Can anybody suggest a decent monocular? Really, there is no point in me using binoculars since I would not even use the left tube. I'm in the south and the terrain would only allow me to see 200 yards max, usually I'm in the 75-100 yard range. I'm not looking to spend a fortune, just something to throw up and confirm coyote vs dog, bush, clump of branches, ect.

Thanks,
Aaron


----------



## youngdon (Mar 10, 2010)

If you are sitting on stand with your gun up on stix I'd just dial up the scope. That said how much would you want to spend on a monocular ?


----------



## aarhud (Jul 14, 2012)

I'm not hunting with sticks. The rifle and scope are pretty cheap, just an old .308 my dad had with a cheap scope. Saving my money to upgrade to a .243 and a decent scope.

For a monocular, I'm thinking $100 or less. I have read a little about optics, but can't find the information I am looking for. I don't need to be able to see the whiskers on a coyote from 100 yards, just have a clear enough image to properly ID. I tried checking out things with the rifle scope, but the gun is heavy and I make a lot of movement trying to check things out with it.


----------



## Antlerz22 (Apr 18, 2011)

aarhud said:


> I'm not hunting with sticks. The rifle and scope are pretty cheap, just an old .308 my dad had with a cheap scope. Saving my money to upgrade to a .243 and a decent scope.
> 
> For a monocular, I'm thinking $100 or less. I have read a little about optics, but can't find the information I am looking for. I don't need to be able to see the whiskers on a coyote from 100 yards, just have a clear enough image to properly ID. I tried checking out things with the rifle scope, but the gun is heavy and I make a lot of movement trying to check things out with it.

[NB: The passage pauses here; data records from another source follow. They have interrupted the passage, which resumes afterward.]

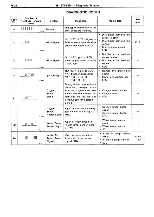 24 | __∩∩∩∩∩∩ | Intake Air Temp. Sensor Signal | Open or short circuit in intake air temp. sensor signal (THA). | • Intake air temp. sensor circuit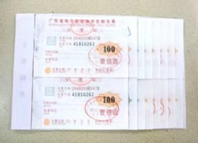 (二)粘贴的票据与粘贴单上下、左右对齐,不可超过粘贴单上下及左右边界,每张票据约错开1厘米左右的距离,票据呈鱼鳞状分布。粘贴单的尺寸规格为:21CM11.5CM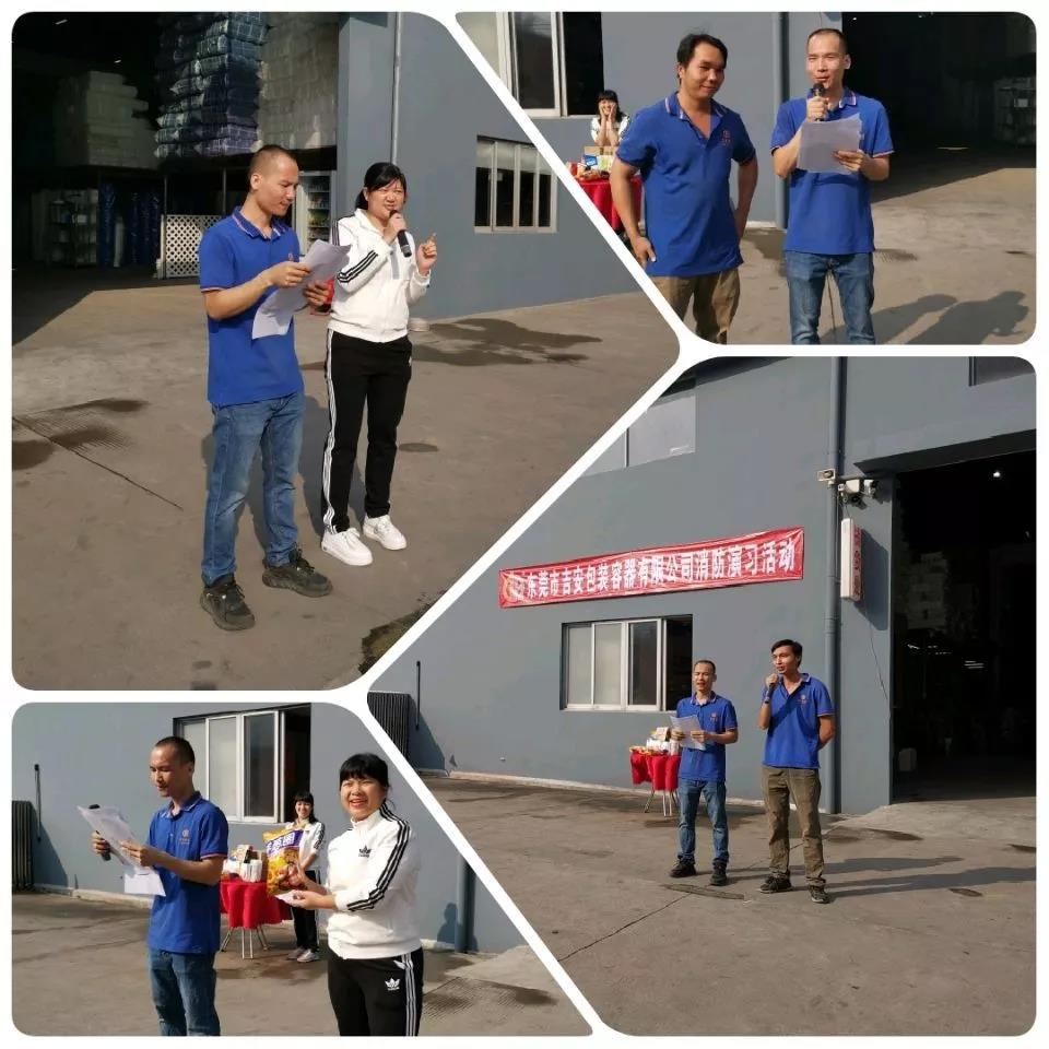 11月24日上午9:00,“東莞市吉安包裝容器有限公司消防演習(xí)活動”正式開始!隨著警報鈴響起,宿舍樓的員工及家屬、辦公樓和一二區(qū)倉庫的同事們,都快速地疏散到安全區(qū)域。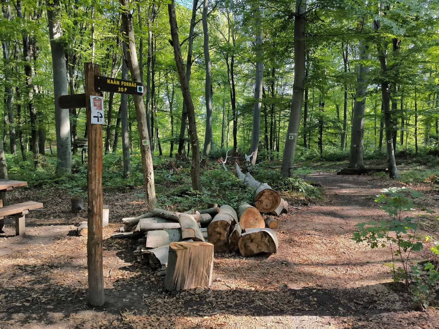Mi Pilisszentlászlóról visszafelé a Jenő kunyhónál megpihentünk egy kicsit, majd elhagytuk a zöld sáv jelzést és a zöld körön haladtunk egészen a Kaán-forrásig. Ez az útvonal először elég elhagyatottnak tűnhet, de a dús növényzet ellenére jól járható és lehetetlen eltévedni.

 These seem like a decent buy.http://www.optics4birding.com/item.aspx?cid=20359


----------



## bones44 (Jan 7, 2011)

While not a minocular Nikon makes field binoculars that I carry in my truck for around 85.00. Nice and lightweight you can wear around your neck or put in a pocket.


----------



## prairiewolf (Feb 19, 2012)

The monocular that antlez has link to looks very good, but on another note, I would suggest you still make you a pair of shooting sticks, just get a couple of 1/2 or 3/8 dowels and bolt them together about 5 to 6 in from one end, especially when you say the gun is heavy.


----------



## youngdon (Mar 10, 2010)

Well said Ed, a set of stix will decrease your movement as a coyote approaches. If the existing scope is not bright try adjusting the ocular (eye piece) lens.


----------



## aarhud (Jul 14, 2012)

Will do on the sticks. You don't happen to have a picture handy do you? 
I have not used them before and off the shelf sticks are a little pricy considering its just to prop the gun on. The .308 (from what I am told) was used in the military for training purposes?? Either way, the thing has a really thick barrel on it. Heavy gun.

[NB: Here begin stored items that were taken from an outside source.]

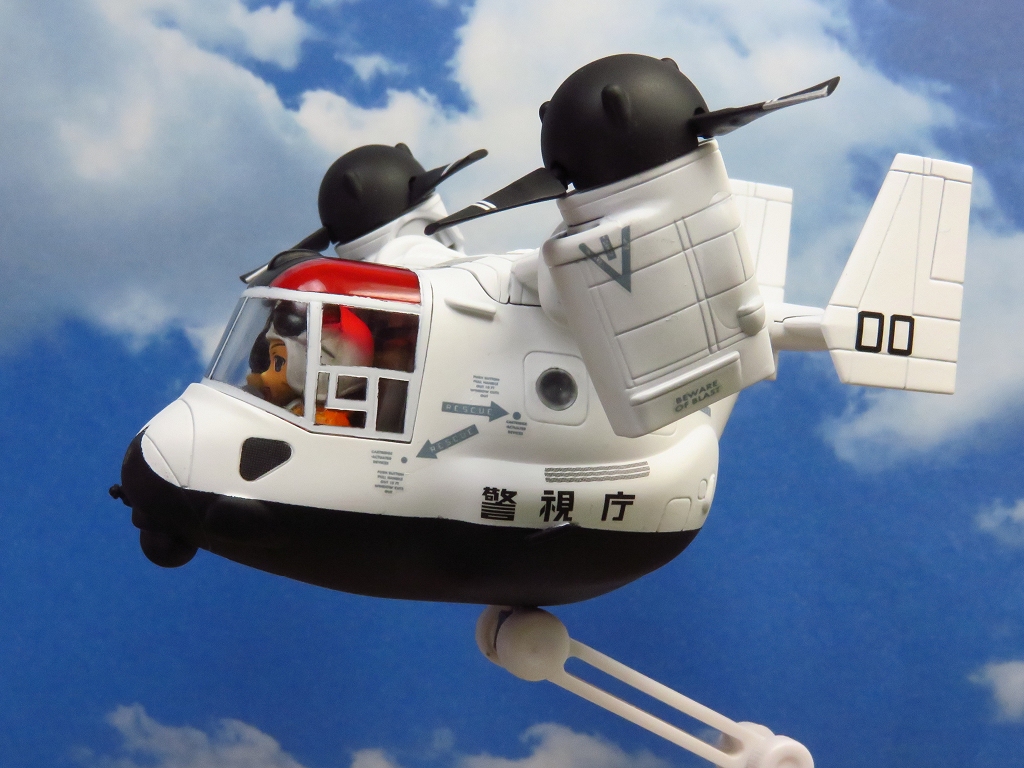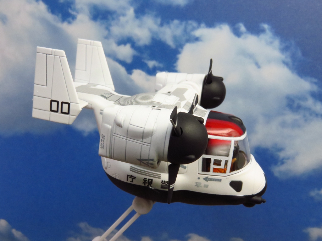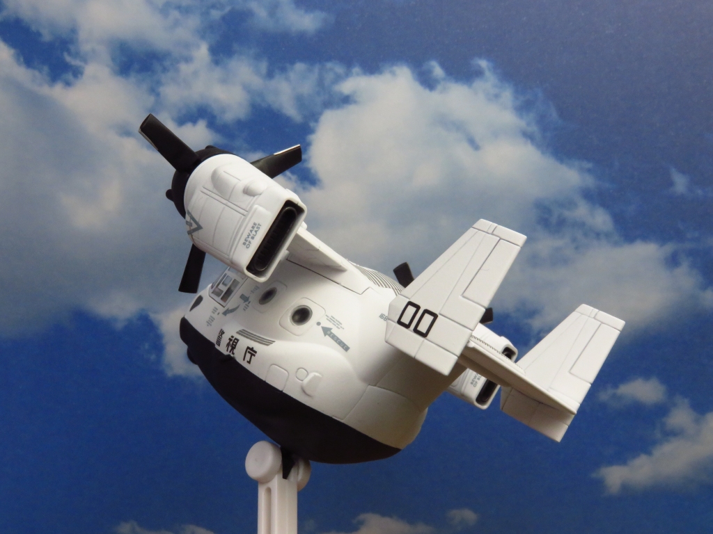 じゃ、オスプレイを警察がつかったらパトカー色だよね的な発想で塗ったわけですが、警察組織には航空隊が普通にあるわけで、決してKC庁の航空機はこんなパトカー色ではないのでした。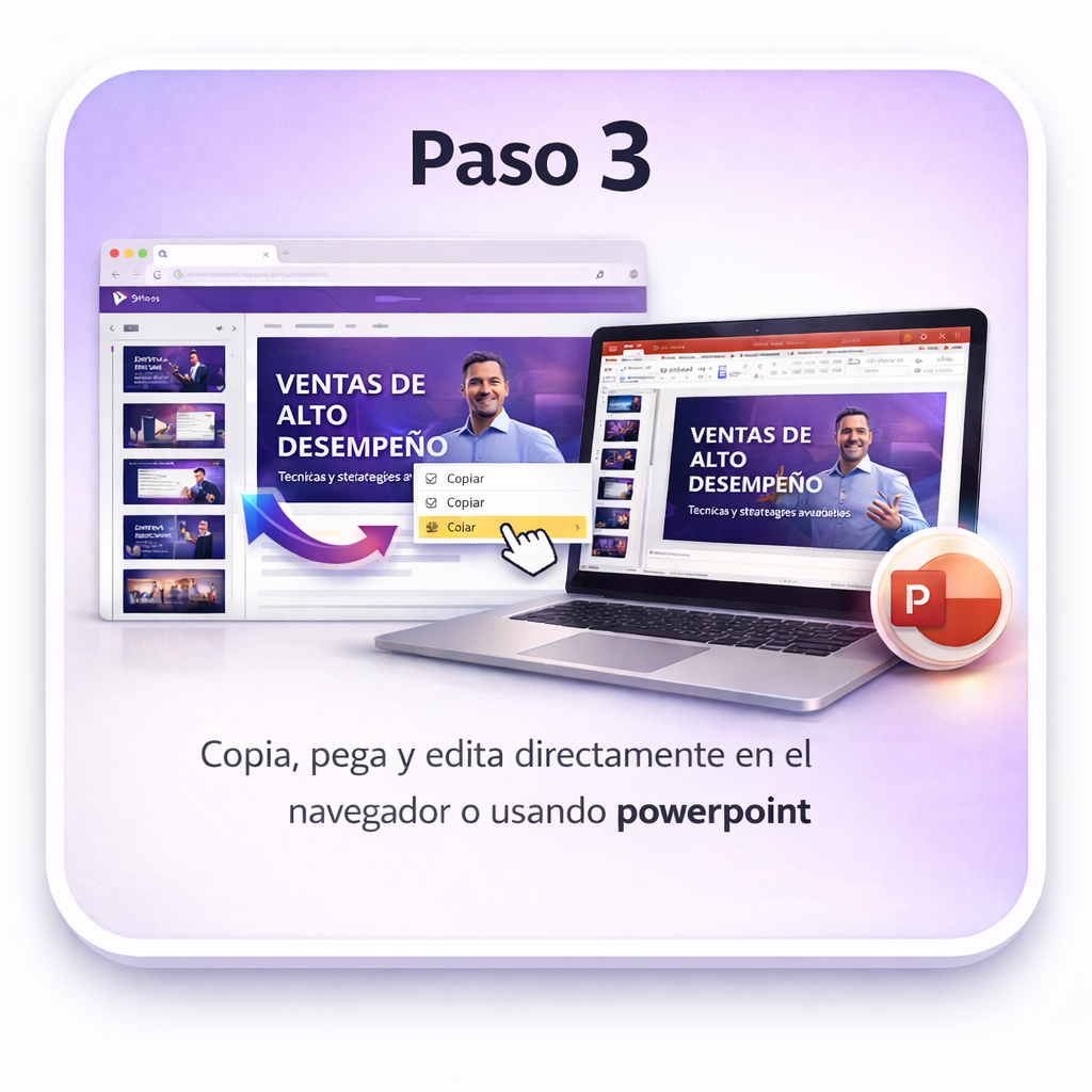 Recibirás acceso a la plataforma donde podrás acceder y editar las 280 conferencias listas. Coloca tu logotipo o nombre y utiliza las presentaciones como desees.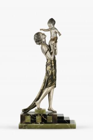 Dame à l'enfant, régule patiné et doré, marbre, signé, H 70 cm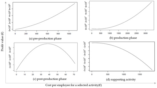 As seen in Table 2 and Table 3, in the third step, the quadratic dependence of profitability on individual costs is presented. All other costs were always set to the average value in the charts given in Figure 4a–d. In the charts, the X-axis shows the cost per employee and the respective activity, with the domain of the chart set to cover all available data. The Y-axis shows the predicted value of profit for given costs and activity and the average cost for other activities.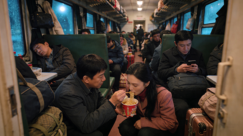 车厢里吵吵闹闹,座椅狭窄,空气里混着泡面和烟火气。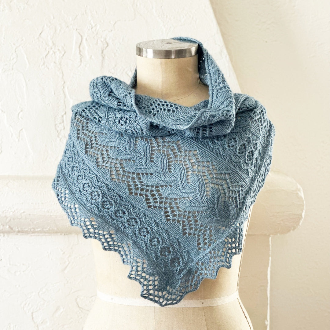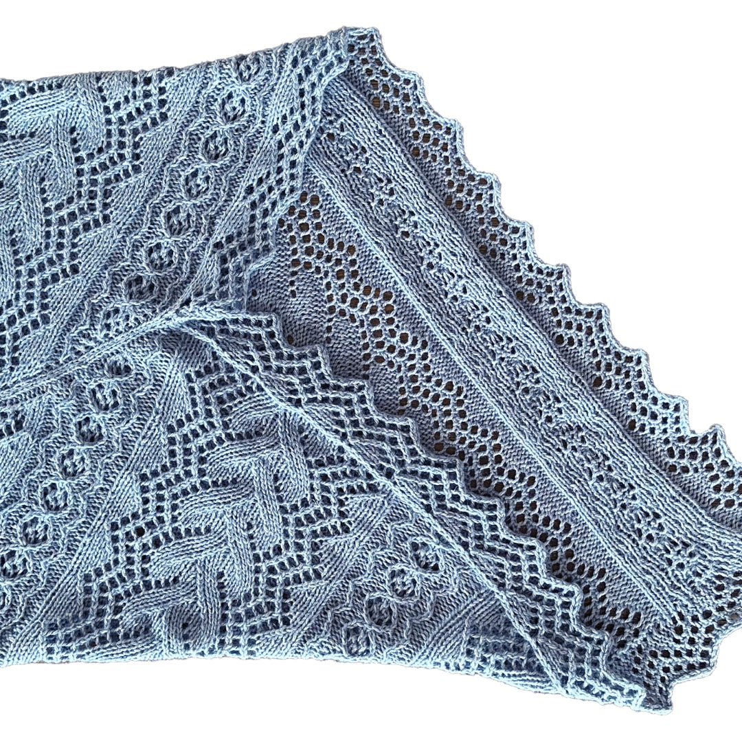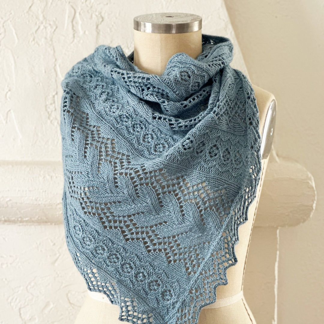 This gorgeous lace cowl is a fast, easy-wear knit that would be a fabulous gift, if you don't simply keep it for yourself! Inspired by patterns in sand, kelp and sea urchins, this cowl combines lots of beautiful stitchwork including lace patterns, cables and a knitted cast-off. The pattern is worked in one piece and then the short diagonals are seamed together with a mattress stitch after the cowl has been blocked.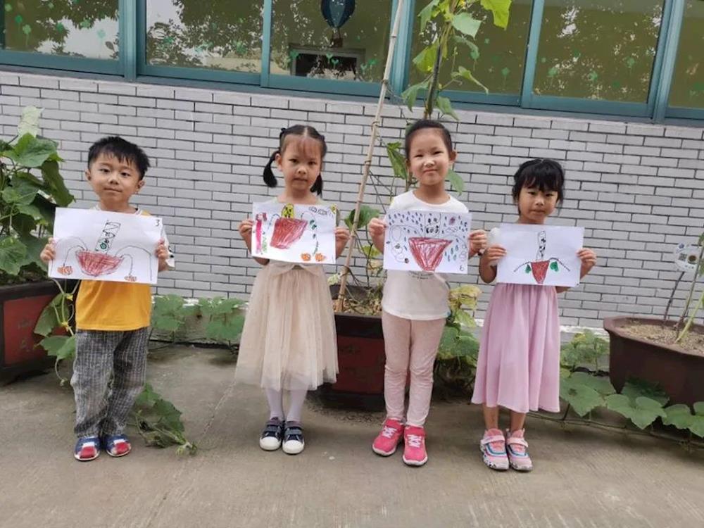 户外种植区的品种丰富多样,孩子们和老师一起给每种植物设计了名片,扫一扫上面的二维码,就能了解植物的更多奥秘。在孩子、阿姨和老师的照顾下,黄瓜、苦瓜、茄子、番茄、豇豆等蔬菜长势良好。提子成熟了,向日葵开花了,孩子们最喜欢在户外种植区进行写生,在记录植物生长的过程中,孩子们养成了爱观察的习惯。

I like that monocular. Thanks for the suggestion.


----------



## youngdon (Mar 10, 2010)

Here is one thread

http://www.predatortalk.com/topic/13066-home-made-shooting-sticks/


----------



## prairiewolf (Feb 19, 2012)

Just buy two 4ft dowels(3/8 or 1/2) and cut them at 42" measure down 5 to 6 inches and drill a hole through both dowels get a bolt that fits the hole with a nut and your done, you can also cut a 1x2 in half and do same thing.


----------